India had preserved its neutrality over the US-led 2003 invasion of Iraq, criticising the lack of UN approval, but also hinted that it would consider sending troops to post-war Iraq to help maintain security and peace after a unanimous vote in the UN Security Council over the Coalition's presence and mission in Iraq. However this was ruled out after protests from public and political parties which have been opposing USA. It normalised its ties with the new democratically elected government of Iraq in 2005, seeking to restart trade and co-operation. Indian businesses applied for contracts for reconstruction projects to the Iraqi government, and more recently the activities of Iraqi businesses in India have been growing rapidly.
Iraq is one of the major suppliers of crude oil to India, exporting 220,000 barrels of oil per day to Indian Oil Corporation. In 2013 June, Foreign Minister of India, Mr.
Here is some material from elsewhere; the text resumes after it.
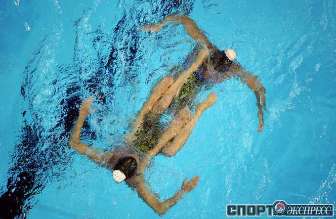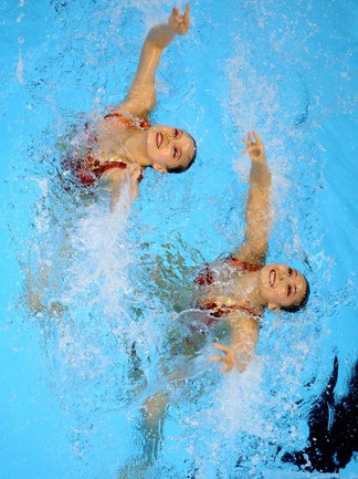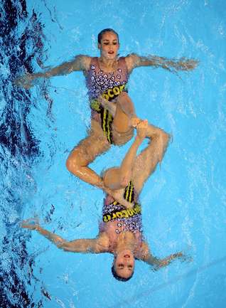 Синхронное плавание. Шанхай (Китай). Чемпионат мира. Дуэты. Техническая программа. 1. ИЩЕНКО/РОМАШИНА (Россия) – 98,200 балла. 2. Хуан Сюэчэнь/Лю Оу (Китай) – 96,500. 3.Карбонель/Фуэнтес (Испания) – 95,400. Для Натальи Ищенко эта золотая медаль чемпионатов мира стала 12-й в карьере. Фото AFP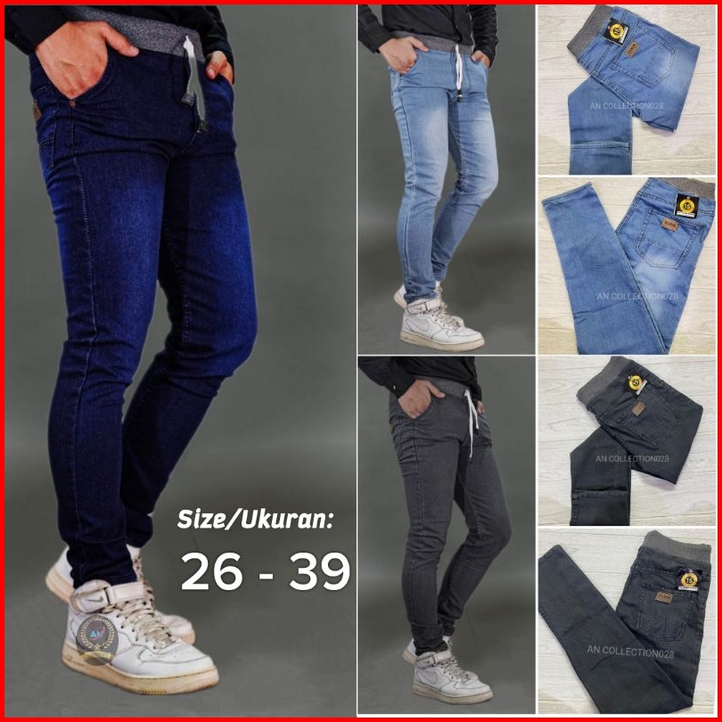 Celana Panjang Cowok Slim Fit Jeans Pinggang Karet Feil Celana Jeans Pria

Salman Khurshid visited Iraq regarding security and business issues, the first to do so since 1990.
There has been limited diplomatic relations between India and Iraqi Kurdistan. India purchases Kurdish crude oil sold through Turkish companies. Several Indian citizens work in Iraqi Kurdistan. Many Kurds travel to India for educational or medical purposes. In July 2014, Hemin Hawrani, head of the Kurdistan Democratic Party's international relations wing, told the The Hindu that he hoped for deeper political and economic ties with India, describing the country as "an important partner". Hawrani also expressed his desire to see the Indian government open a consulate in Erbil, and invited Indian companies to invest in Kurdistan. In November 2014, the Indian government sent special envoy Ambassador Suresh K. Reddy to visit Kurdistan and meet Kurdish government officials. Reddy stated that India "fully supports the Kurdistan Region during this difficult time", and expressed confidence in the Kurdish government and the Peshmerga forces to preserve the stability and security of the region. The Ambassador also praised the role of Peshmerga forces in fighting ISIL, and announced that the Indian government would open a consulate in Kurdistan.